● Prompt
Take the data below and write it out exactly, except for the pictures.

● Data excerpt
§

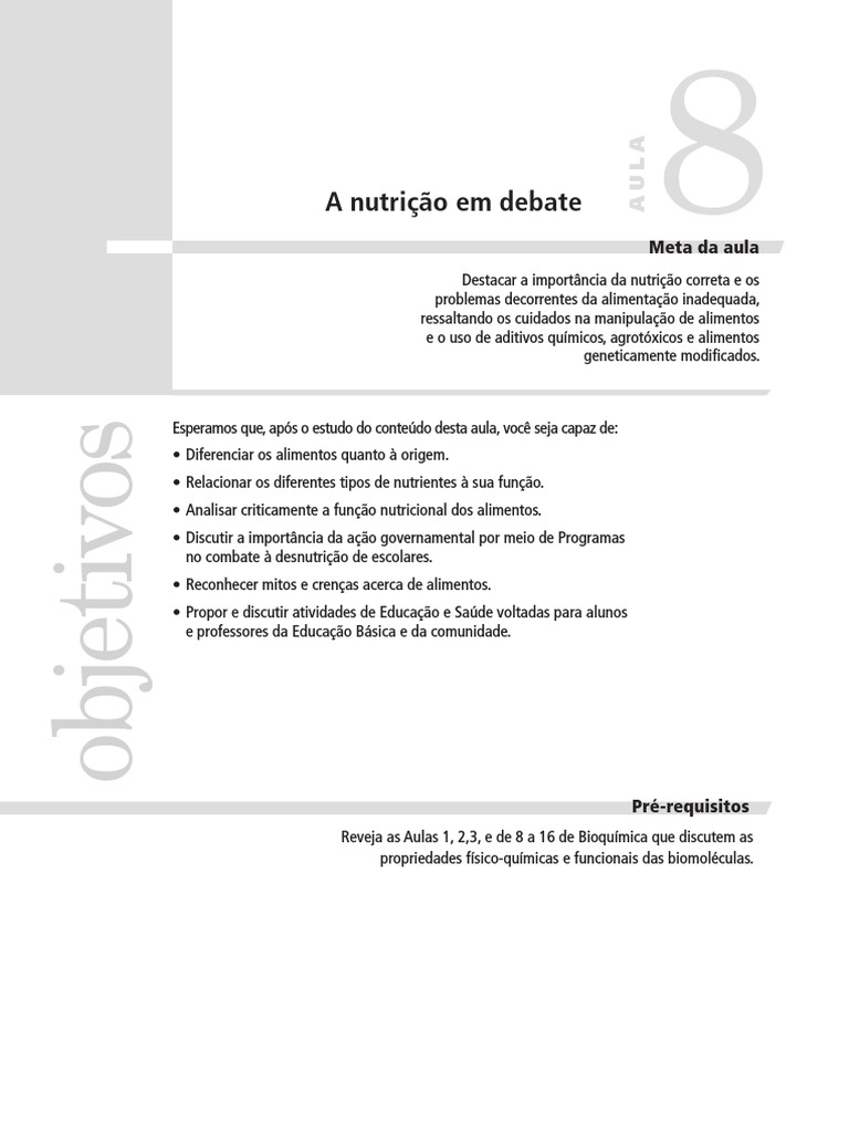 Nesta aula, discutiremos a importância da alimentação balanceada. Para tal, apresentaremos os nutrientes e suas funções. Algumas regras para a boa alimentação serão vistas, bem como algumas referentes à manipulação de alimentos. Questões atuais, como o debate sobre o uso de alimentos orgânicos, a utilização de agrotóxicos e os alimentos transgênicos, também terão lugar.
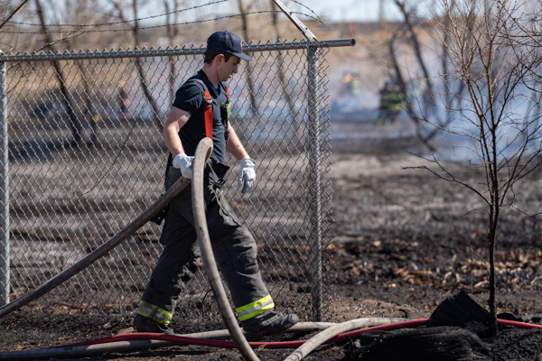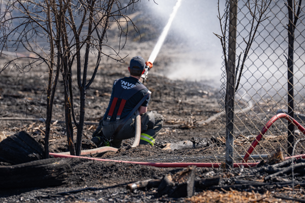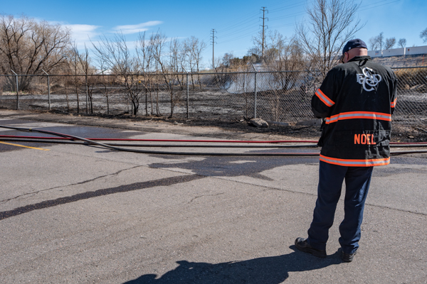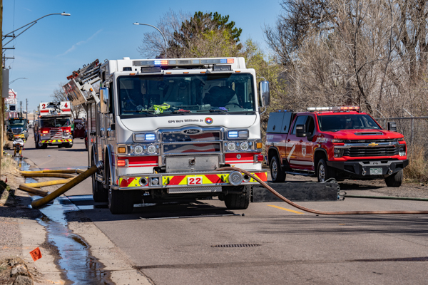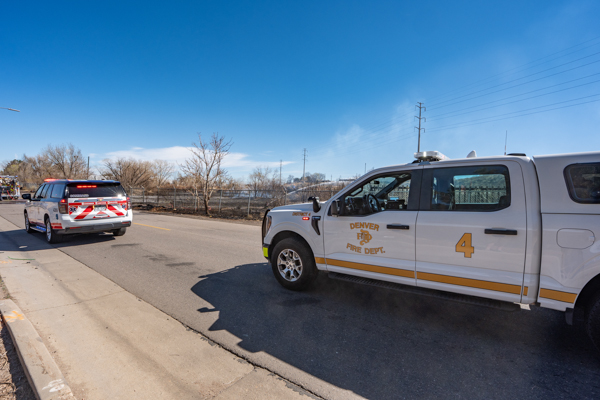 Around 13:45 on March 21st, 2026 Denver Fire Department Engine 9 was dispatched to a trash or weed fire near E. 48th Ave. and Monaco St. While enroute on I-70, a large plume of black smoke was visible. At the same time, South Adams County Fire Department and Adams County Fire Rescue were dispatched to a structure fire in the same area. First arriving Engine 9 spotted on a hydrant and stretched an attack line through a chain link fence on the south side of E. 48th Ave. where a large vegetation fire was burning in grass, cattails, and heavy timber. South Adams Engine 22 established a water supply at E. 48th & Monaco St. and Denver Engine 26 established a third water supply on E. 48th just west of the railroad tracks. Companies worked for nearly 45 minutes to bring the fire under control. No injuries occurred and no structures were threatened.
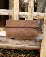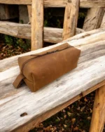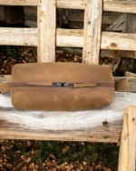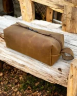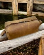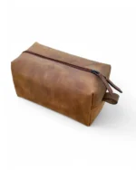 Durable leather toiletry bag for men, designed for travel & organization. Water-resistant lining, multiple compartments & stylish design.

§

● Answer box
 Nesta aula, discutiremos a importância da alimentação balanceada. Para tal, apresentaremos os nutrientes e suas funções. Algumas regras para a boa alimentação serão vistas, bem como algumas referentes à manipulação de alimentos. Questões atuais, como o debate sobre o uso de alimentos orgânicos, a utilização de agrotóxicos e os alimentos transgênicos, também terão lugar.
 Around 13:45 on March 21st, 2026 Denver Fire Department Engine 9 was dispatched to a trash or weed fire near E. 48th Ave. and Monaco St. While enroute on I-70, a large plume of black smoke was visible. At the same time, South Adams County Fire Department and Adams County Fire Rescue were dispatched to a structure fire in the same area. First arriving Engine 9 spotted on a hydrant and stretched an attack line through a chain link fence on the south side of E. 48th Ave. where a large vegetation fire was burning in grass, cattails, and heavy timber. South Adams Engine 22 established a water supply at E. 48th & Monaco St. and Denver Engine 26 established a third water supply on E. 48th just west of the railroad tracks. Companies worked for nearly 45 minutes to bring the fire under control. No injuries occurred and no structures were threatened.
 Durable leather toiletry bag for men, designed for travel & organization. Water-resistant lining, multiple compartments & stylish design.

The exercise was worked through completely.